Antwort: Das Pariser Abkommen will die Erderwärmung auf 1,5 Grad begrenzen; im Moment steuern wir aber auf eine Erhöhung von 2,7 Grad bis zum Ende des Jahrhunderts hin, was apokalyptisch wäre. Apokalyptisch. Wir begehen zivilen Ungehorsam, weil wir merken: Mit Märschen und Demonstrationen erreichen wir nicht, was nötig ist.

Antwort: In der Geschichte hat der zivile Ungehorsam wichtige Veränderungen herbeigeführt. Das Frauenwahlrecht haben die Suffragetten erreicht, indem sie sich an Gebäuden festgekettet haben – und massive Sachbeschädigungen begangen haben. Heute werden sie geehrt. Auch uns wird man später anders bewerten. Aber es stimmt: Es wird zu viel über die Mittel unserer Aktionen diskutiert und zu wenig über die Ziele. Schuld haben da aber nicht wir, sondern die Medien.

Frage: Rechnen Sie mit rechtlichen Folgen Ihrer Aktion?

Antwort: In Wolfsburg wurde meine Identität nicht festgestellt, aber ich stehe ja mit vollem Namen bei Twitter. Womöglich werde ich verklagt. Ich bin bereit, die Konsequenzen zu tragen – aber großen Schaden haben wir nicht angerichtet. Den Kleber kann man vom Boden wischen. Wenn wir uns an die Autos geklebt hätte, wäre es sicher was anderes.

Welche Schäden die Autostadt beklagt: Armin Maus taxiert den Sachschaden im fünfstelligen Bereich. Der vom Sekundenkleber beschmutzte Boden müsse vermutlich komplett erneuert werden, desgleichen eine Wand des Pavillons. Die Bootsanlegestelle der Autostadt, wo Rote-Bete-Saft vergossen wurde, sei aufwändig zu reinigen. Maus: „Der Einsatz an Arbeitskraft war während der ganzen Aktion erheblich.“ Was noch dazu komme: „Natürlich hat die Situation auch unsere Kolleginnen und Kollegen belastet.“ 

Frage: Herr Grimalda, wie blicken Sie in die Zukunft?
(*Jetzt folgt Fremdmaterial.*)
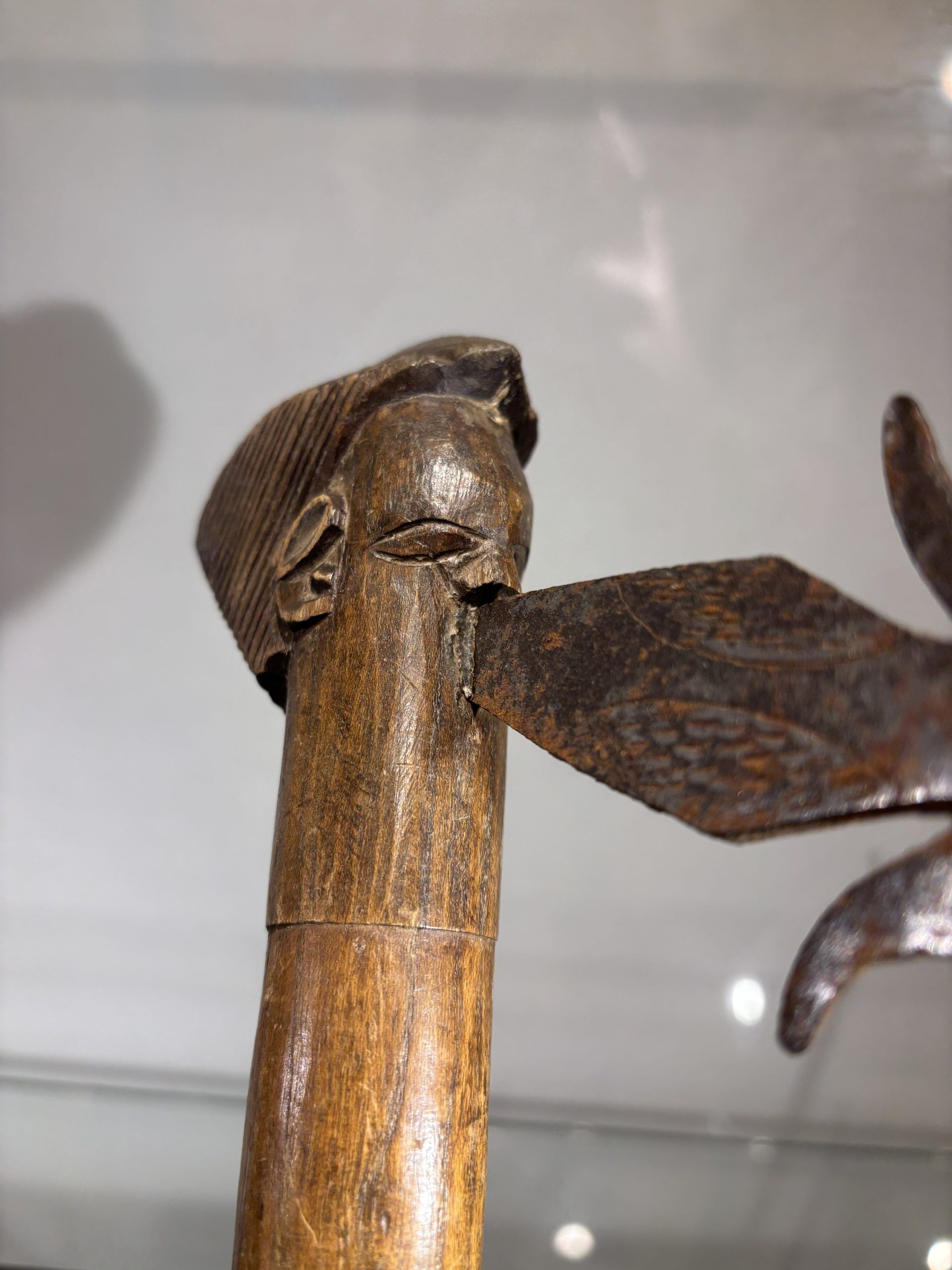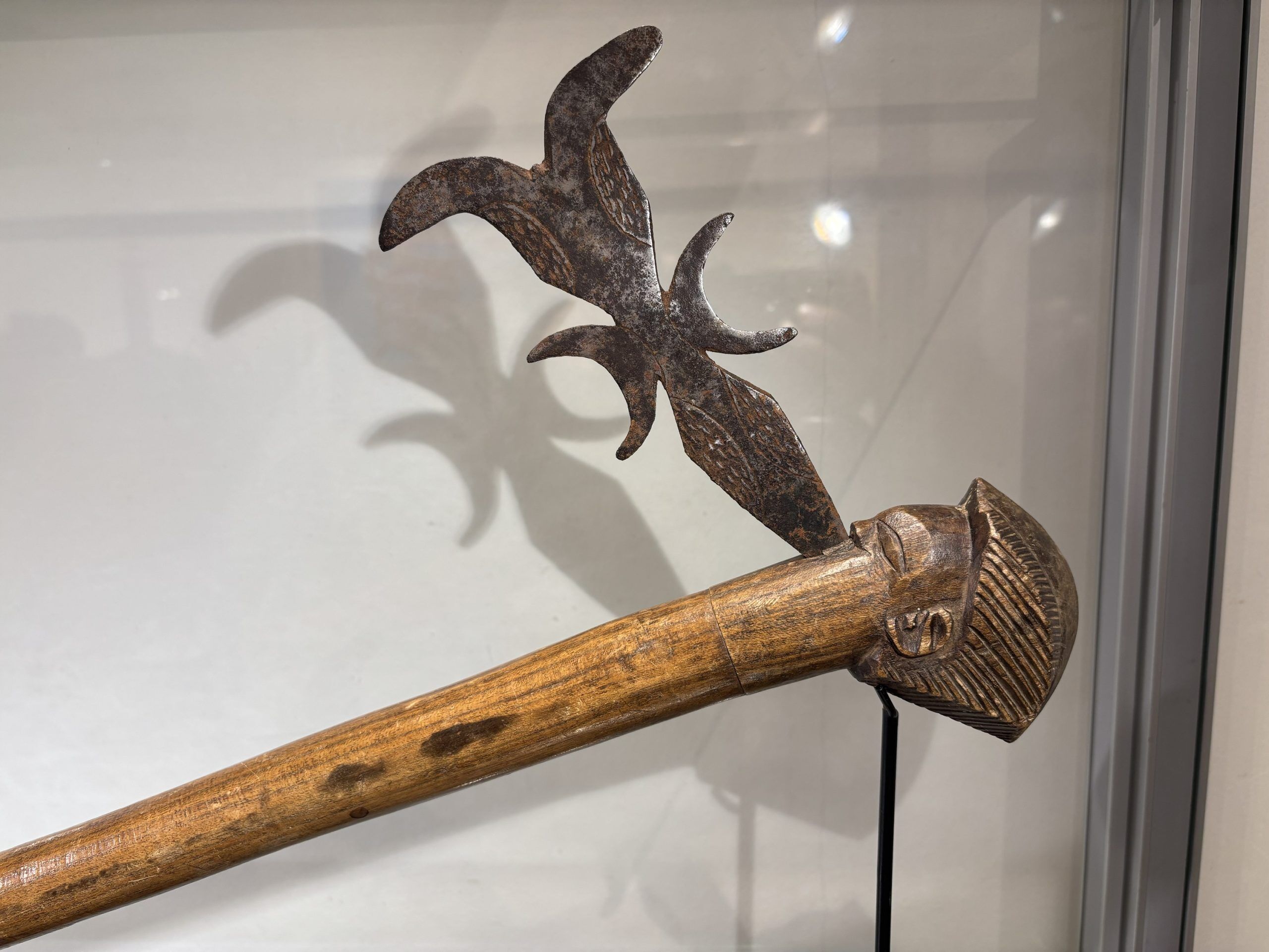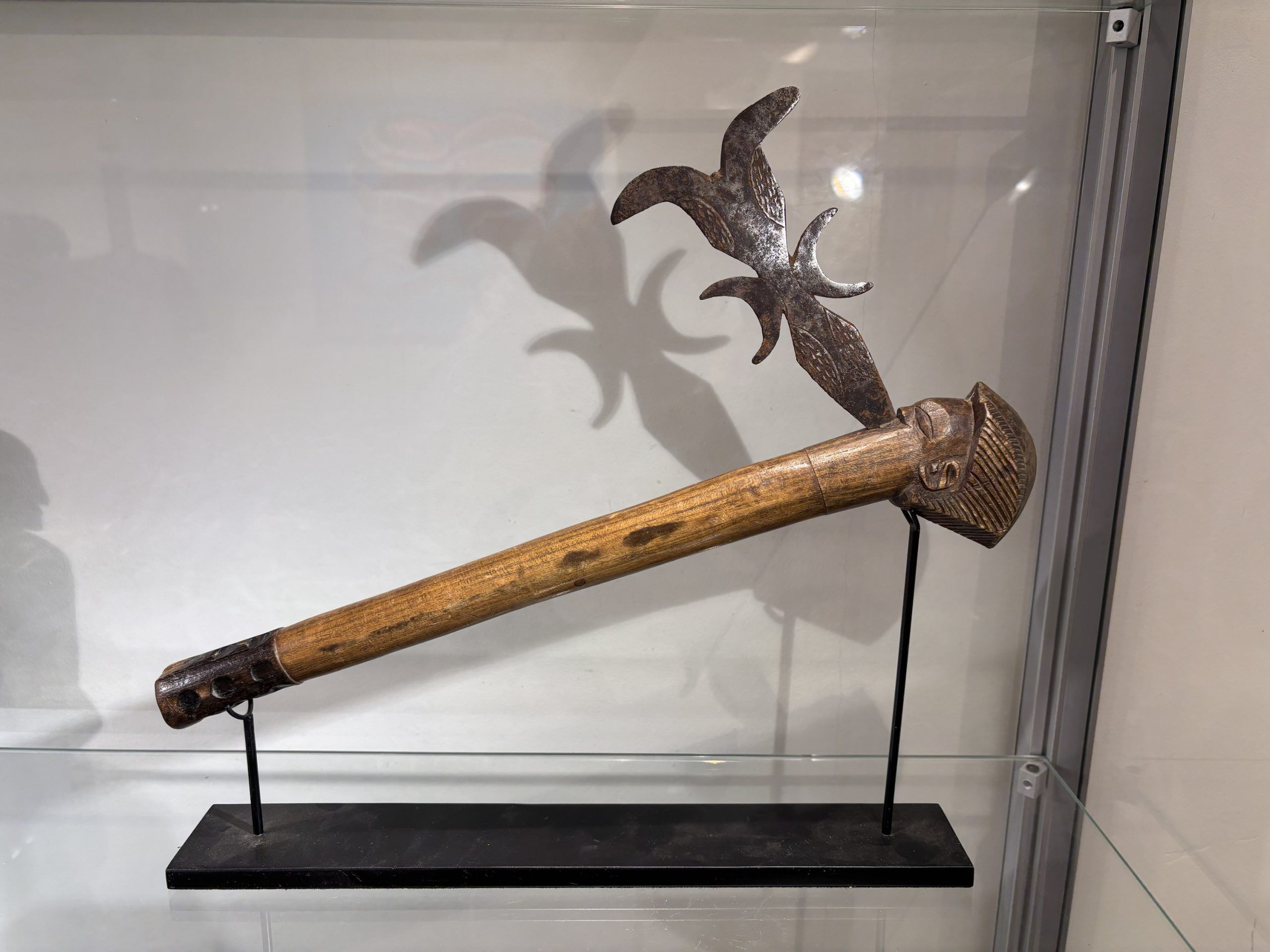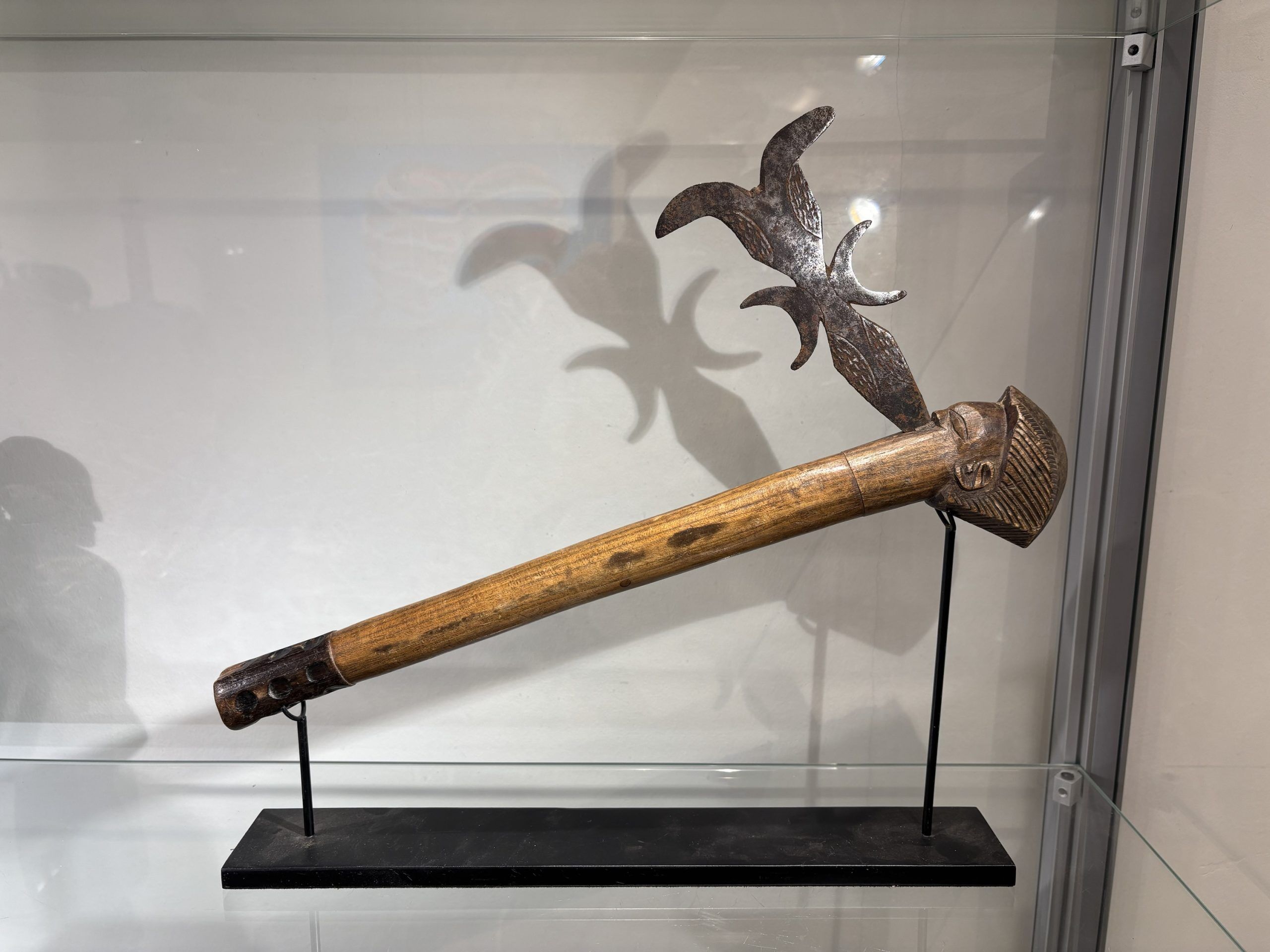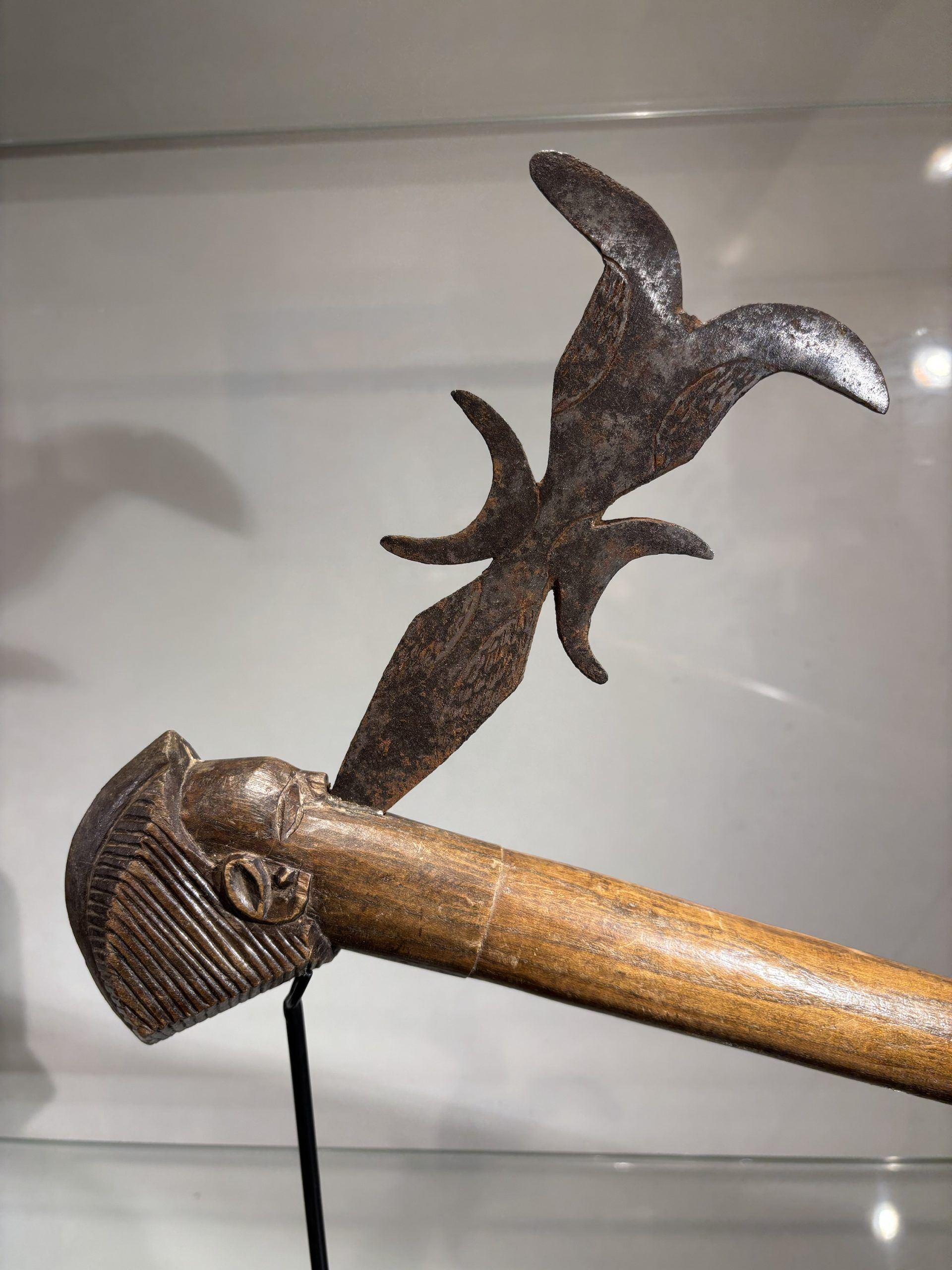 Prestige or trade axe in metal, wood, and lizard skin, forged by the Luba ethnic group (southern Congo)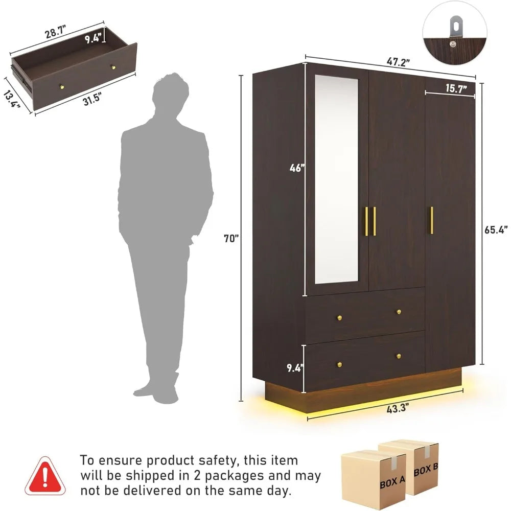 Doors Armoire Wardrobe Closet with Mirror, LED Armoire with Doors and Drawers, Wooden Wardrobe Storage Cabinet with Hanging Ro

Antwort: Das Zeitfenster, indem wir noch etwas verändern können, ist extrem klein. Der IPCC-Report zum Klimawandel errechnet, dass wir noch sieben Jahre haben, um die Erderwärmung unter 1,5 Grad zu halten. Und die Zahl ist willkürlich; einige Ökosysteme sind schon kollabiert. Wir sind schon im klimatischen Zusammenbruch. Es ist sehr wahrscheinlich, dass der Meeresspiegel in den nächsten Jahrhunderten um zehn Meter steigt, Ende dieses Jahrhunderts um einen.

Antwort: In den kommenden Jahrzehnten werden Hunderte Millionen Menschen vor dem Klimawandel fliehen. Das macht mich panisch. Wir haben gesehen, was für einen massiven Wandel ein paar Millionen syrische Flüchtlinge im politischen System auslösen: den Brexit, das Erstarken der Rechten. Was passiert, wenn viel mehr kommen? Wir sind auf solche Schocks nicht vorbereitet. Deshalb halte ich schockierende Aktionen für sinnvoll – solange wir dann über die Krise sprechen und nicht darüber, ob man besser Tomaten- oder Kartoffelsuppe auf Kunstwerke kippt.